Re: Printing hash key shows obscure values - can this be trimmed/removed?
by Corion (Patriarch) on Apr 28, 2015 at 11:08 UTC

    Please help us help you better and show representative input data.

    Also note that one of the two lines here makes no sense, because they both define a variable @RecLine:

    my @RecLine=split (/;/) ; my @RecLine=split ('\t') ;

    Also note that split uses a regular expression to split on, not a string.

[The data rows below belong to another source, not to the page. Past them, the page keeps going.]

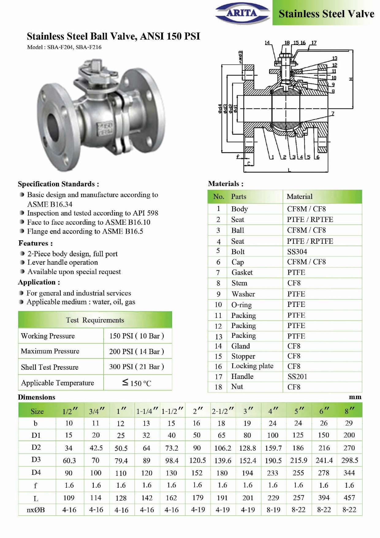 ARITA 2-PCS STAINLESS STEEL BALL VALVE FLANGED ANSI 150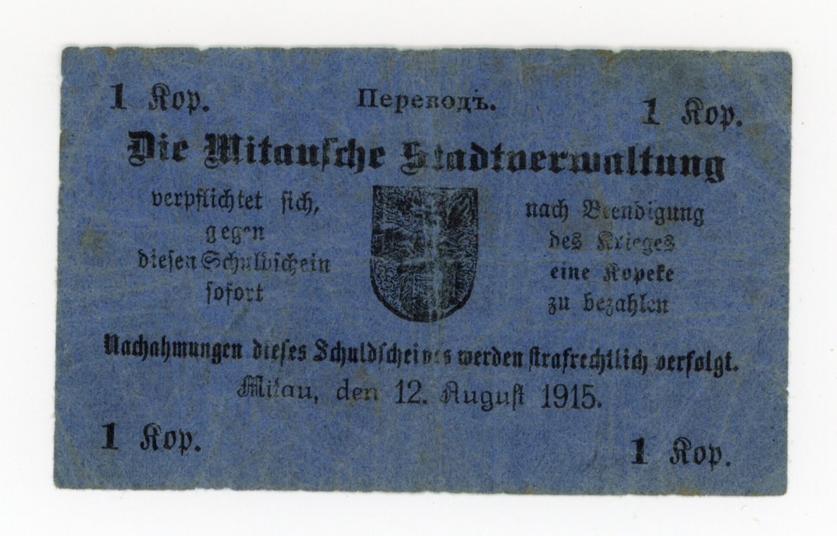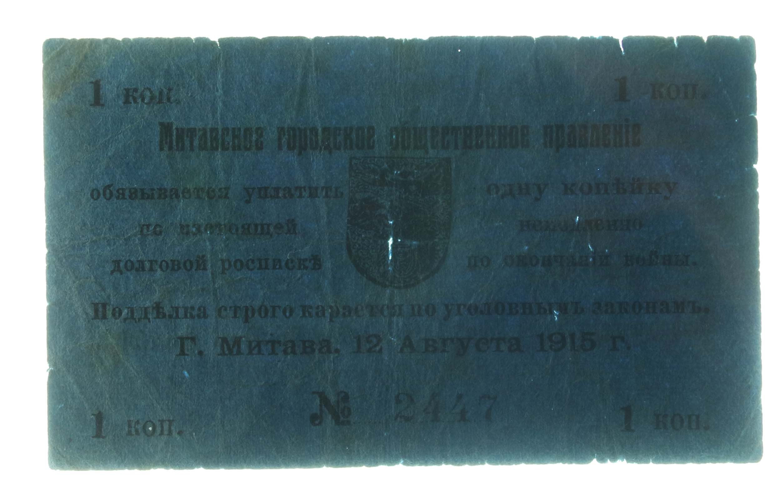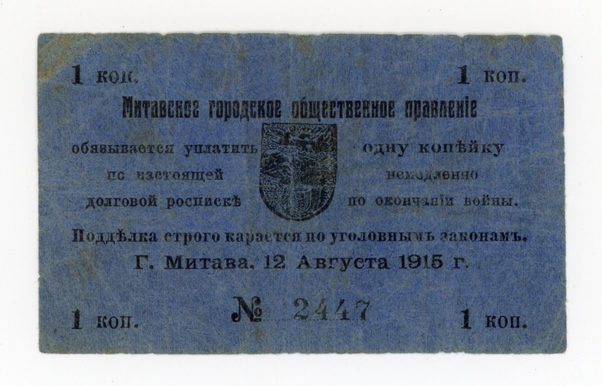 Łotwa, Mitawa [Mitau] 1 kopiejka 1915. Stan zachowania 3-. Kilkukrotnie złamane.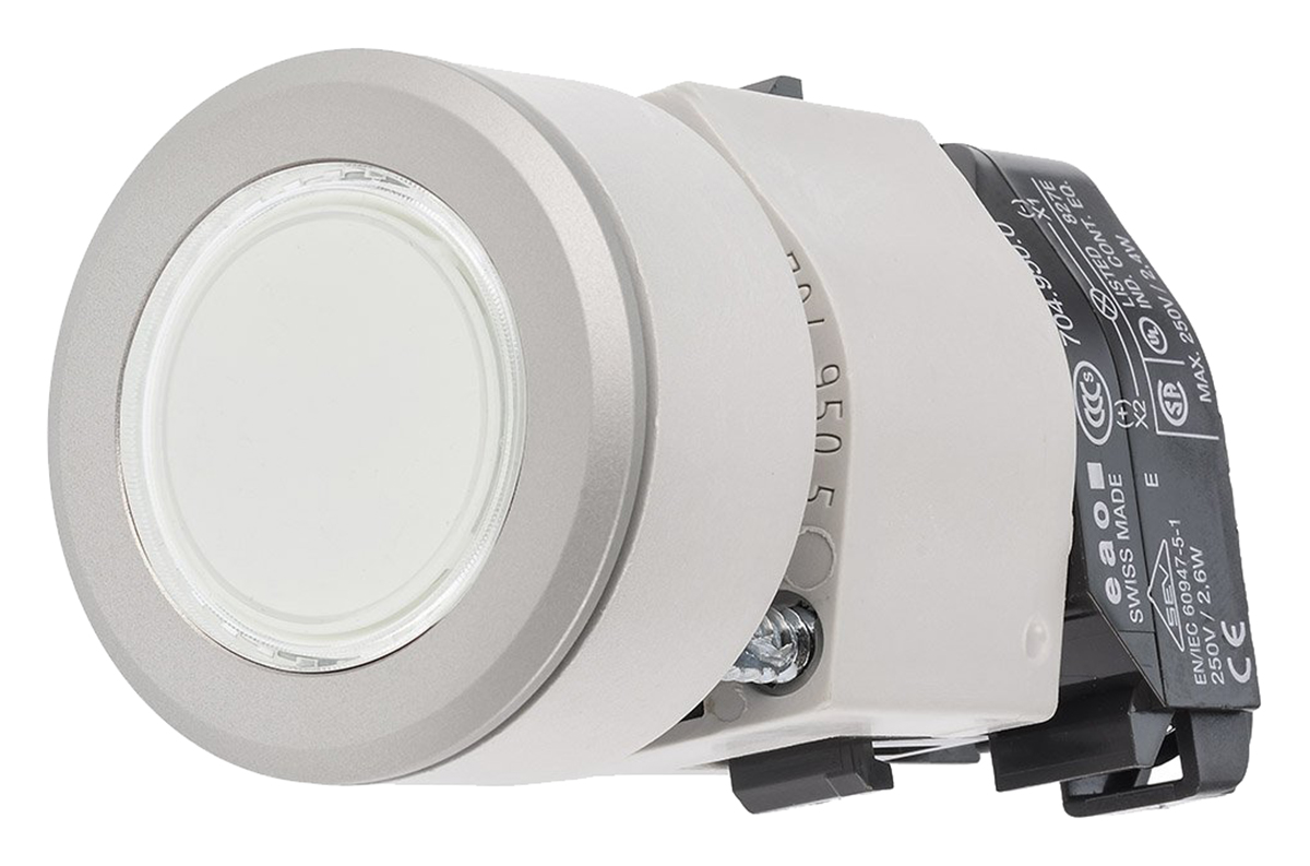 Pushbutton Body Illuminated Flush Mount - series 04 Flush mount illuminated pushbutton bodiesNatural finish aluminium bezel30.5 mm panel cut-out35 mm bezel diameterIP65 above panel ratingContact block must be ordered separately
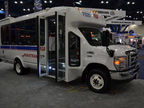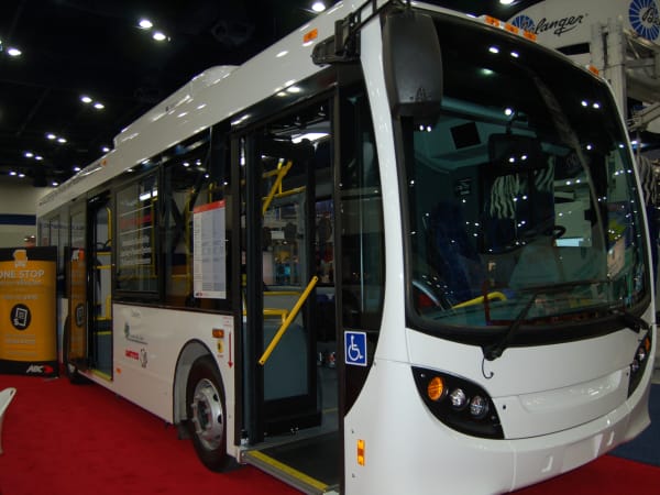 ElDorado National featured its Aerotech shuttle bus operated by the Greater Cleveland Regional Transit Authority. The propane-fueled paratransit shuttle bus is built on a Ford E-450 chassis and equipped with a Roush CleanTech liquid propane autogas fuel system installed by Green Alternative Systems. The body of the Aerotech bus model is designed on a fiberglass composite reinforced structure. The bus also features a wheelchair lift.

    Your code, as shown will never produce any output because you never call Read_File.

      I've commented out
      # my @RecLine=split (/;/) ; my @RecLine=split ('\t') ;
      Here's the rest of the code:
      my $Key=$NR ; my $Cmp=$CHARGE ; my $Key2=$INVOICE_TXT; sub Read_File { my $FILE = shift ; open (my $fh, "<", $FILE) || die "$!" ; my %hRec ; while (<$fh>) { chomp; #my @RecLine=split (/;/) ; my @RecLine=split ('\t') ; $CmpKey=$RecLine[$Key] ; $CmpKey2=$RecLine[$Key2] ; $CmpValue=$RecLine[$Cmp] ; $hRec{$CmpKey,";",$CmpKey2}=$CmpValue; } return (%hRec) ; } my %hBase=Read_File($ARGV[0]) ; my %hPost=Read_File($ARGV[1]) ; my $FILE_DATE=`date "+%Y%M%d_%H%M_%S"` ; chomp ($FILE_DATE) ; my $OUT_FILE="/tmp/CMP_OUT_$FILE_DATE.txt" ; open ( OFILE, "> $OUT_FILE" ) or die "FATAL ERROR! Unable to write fil +e(!)\n" ; ## Debug ## #chomp($key); #foreach my $key (sort {$a<=>$b} keys %hBase) { print "$key -> $hBase +{$key}\n"; } #foreach my $key (sort {$a<=>$b} keys %hPost) { print "$key -> $hPost +{$key}\n"; } foreach my $key (sort {$a<=>$b} keys %hPost) { $count=$count+1 ; if ($hBase{$key} ne $hPost{$key}) { #my $out_counter = "\n##Comparing _$ARGV[0] vs. $ARGV[1]_ differ +ences(!) in record: $count##\n" ; my ($recnos, $vINVOICE_TXT) = split (';', $key) ; chop ($recnos) ; $vINVOICE_TXT=~s!^.!!; my $vInv= "\"$vINVOICE_TXT\"" ; my $Rec=`egrep ^$recnos"\t"\$recnos.*$vInv $ARGV[0]` ; my $out_baseline = "\n$ARGV[0]:\n$HEADER\n$Rec" ; my $Rec=`egrep ^$recnos"\t"\$recnos.*$vInv $ARGV[1]` ; my $out_compare="\n$ARGV[1]:\n$HEADER\n$Rec" ; my $out_result="\n$ARGV[0] [$key -> $hBase{$key}] do not match(! +) with $ARGV[1] [$key -> $hPost{$key}] in record: $count\n" ; print OFILE "$out_result $out_baseline $out_compare " ; print "$out_result $out_baseline $out_compare " ; } } close ( $FILE ) ; close ( OFILE ) ;
      Note that I've added bits to trim off the obscure values:
      my ($recnos, $vINVOICE_TXT) = split (';', $key) ; chop ($recnos) ; $vINVOICE_TXT=~s!^.!!; my $vInv= "\"$vINVOICE_TXT\"" ;
      Am hoping to find a better way... Second to that, I used UNIX 'egrep' to extract the record. Am hoping to find a better way using perl code. Thanks

      Test data (input file):

      1 1 11412 00353xxxxxxxxx 100 1017 00353xxxxxxxxx Voice - Na +t Free Call FREE::VOICE 01-DEC-11 20-NOV-11 600 0 0 + 0 0 0 0 0 0 0,[ ],[ ],[ ]|0,[ ],[ ],[ ]|0,[ ],[ +],[ ] Non-FU 0 National and International Voice Calls
      It's tab delimited. Hence I'm just looking to extract the 1st, 15th and 26th fields. 2 files will be read. 1st & 26th field will be my key. Field 15th is the value I'm comparing against the 2 fields. Any differences will be reported.